Reducing the pollution of water sources can serve several purposes: avoiding the loss of
current sources, saving the cost of developing alternative supplies, and opening up previous
sources once they have been cleaned and decontaminated. The link between contamination and
supply is most direct in islands dependent on their freshwater "lens", which is easily
contaminated by wastewater percolation and saline intrusion. However, there are many other
circumstances where reduced pollution is a solution to supply, as well as conferring benefits to
amenity, public health and the environment.

10. Water sharing agreements

Many countries depend on international rivers for their water supply. In most cases, the
share of the water between the interested parties is subject to agreements. These treaties may
have the force of international law, or they be less formal deals enforced by general diplomatic,
political or economic means. It may be open to a country to seek to increase its agreed share of
international water. The cost of an increased share might arise in financial, economic, diplomatic
(or, at the extreme, military) terms, and the country may judge that it is still worthwhile to pursue
this route rather than develop other sources of supply. Where the waters in question are already
fully utilised, there is an element of "beggar your neighbour" in this approach, though it may be
economically justified if one country uses the water more productively than the others. Where
the waters are not fully used by the other parties, one country's larger share may not be at the
others' immediate expense.

11. Demand management measures

Demand management starts from a recognition of water as an economic (viz. scarce)

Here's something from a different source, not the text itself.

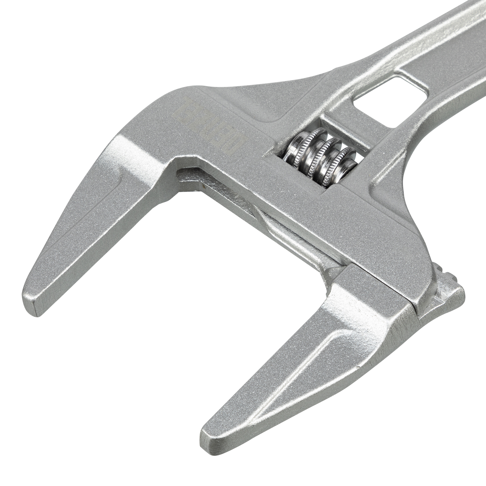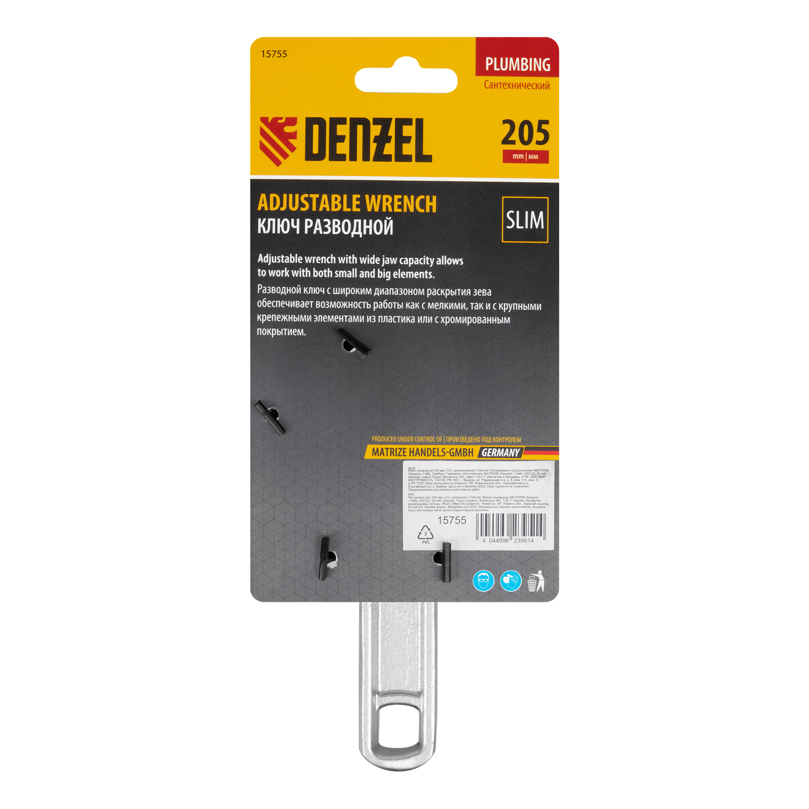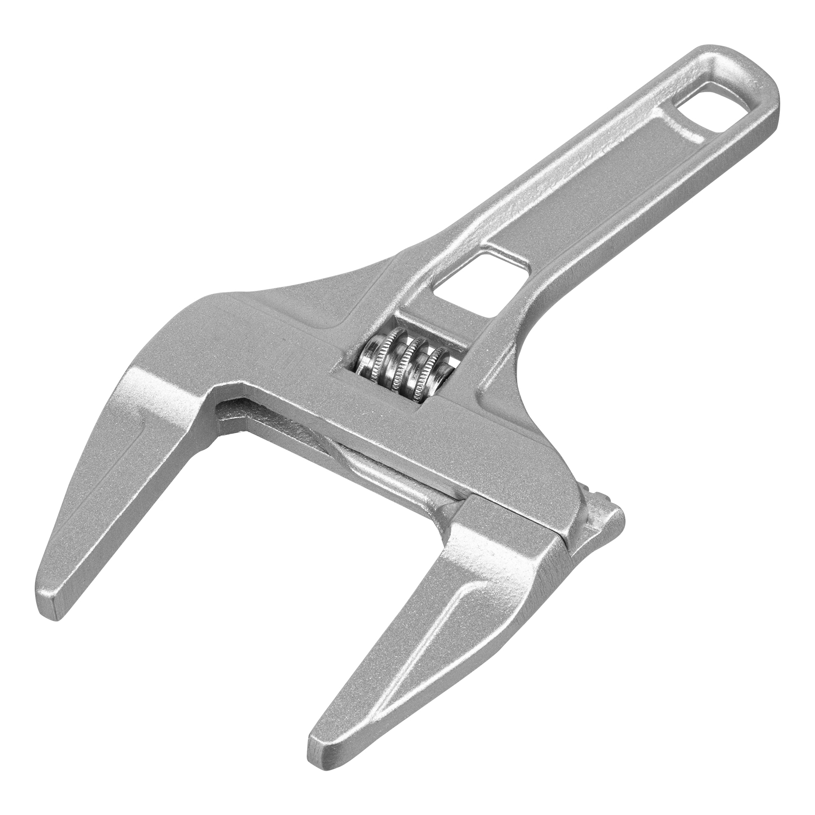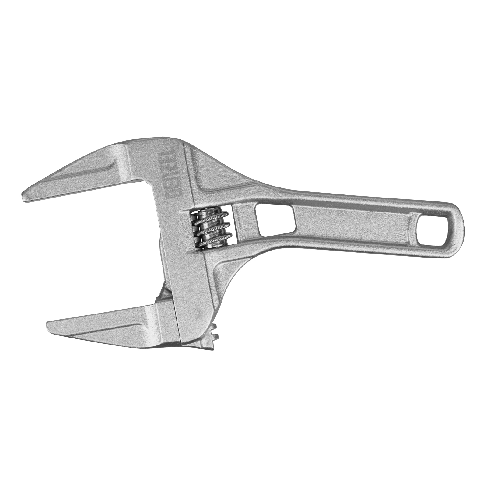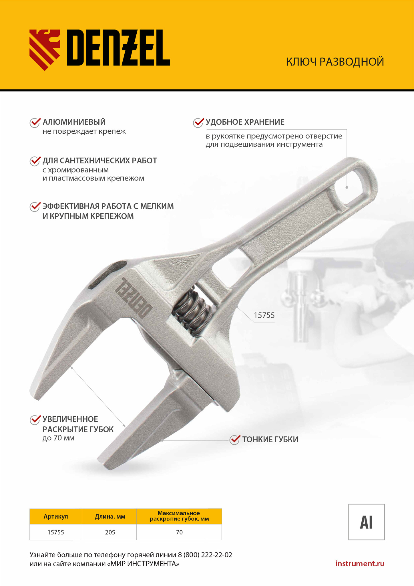 Ключ разводной алюминиевый Denzel 15755 длиной 205 мм, с тонкими губками, оптимален для монтажа и демонтажа хромированных и пластмассовых крепежных элементов. Используется при выполнении сантехнических работ.Преимущества Аккуратная работа — ключ изготовлен из коррозионностойкого алюминия и не повреждает крепеж. Эффективная работа с мелким и крупным крепежом — диапазон раскрытия губок увеличен до 70 мм. Удобное хранение — в рукоятке предусмотрено отверстие для подвешивания инструмента.

resource, and aims to optimise the use of existing supplies. In countries with a large irrigated
farm sector, making more efficient use of irrigation water is of central importance. However,
because other sectors compete for the use of the same resource, efficiency gains in industry and
the household sectors can bring mutual benefits. Demand management includes market-oriented
reforms in the way it is supplied, used and disposed of. Action is called for at three levels: the
creation of enabling conditions; setting incentives and promoting markets; and direct
interventions and spending programmes (Winpenny, 1992).
12. Enabling conditions, institutional and structural reforms

In this context, the Enabling Environment comprises institutional and legal changes, the
reform and privatisation of utilities, and sector-wide economic policies. Legal reforms may be
necessary to remove ambiguities over the ownership of water, and the conditions under which it
can be transferred. Planning for the development of water resources:
- usually dominated by the projection of fixed "requirements" and the inevitable rise of "gaps"
- needs to adapt to demand management, and allow for the operation of markets and - even- the
entry of private operators.
Policies towards agriculture will be critical, in view of the heavy water consumption of
this sector. Decisions to open up new irrigated areas, and to allocate existing water for irrigation
projects, need to take a realistic view of future water resources and the growing demands on
them from other sectors, otherwise the resulting schemes will be uneconomic and unsustainable.
The understandable pursuit of national food security has to be judged in this light.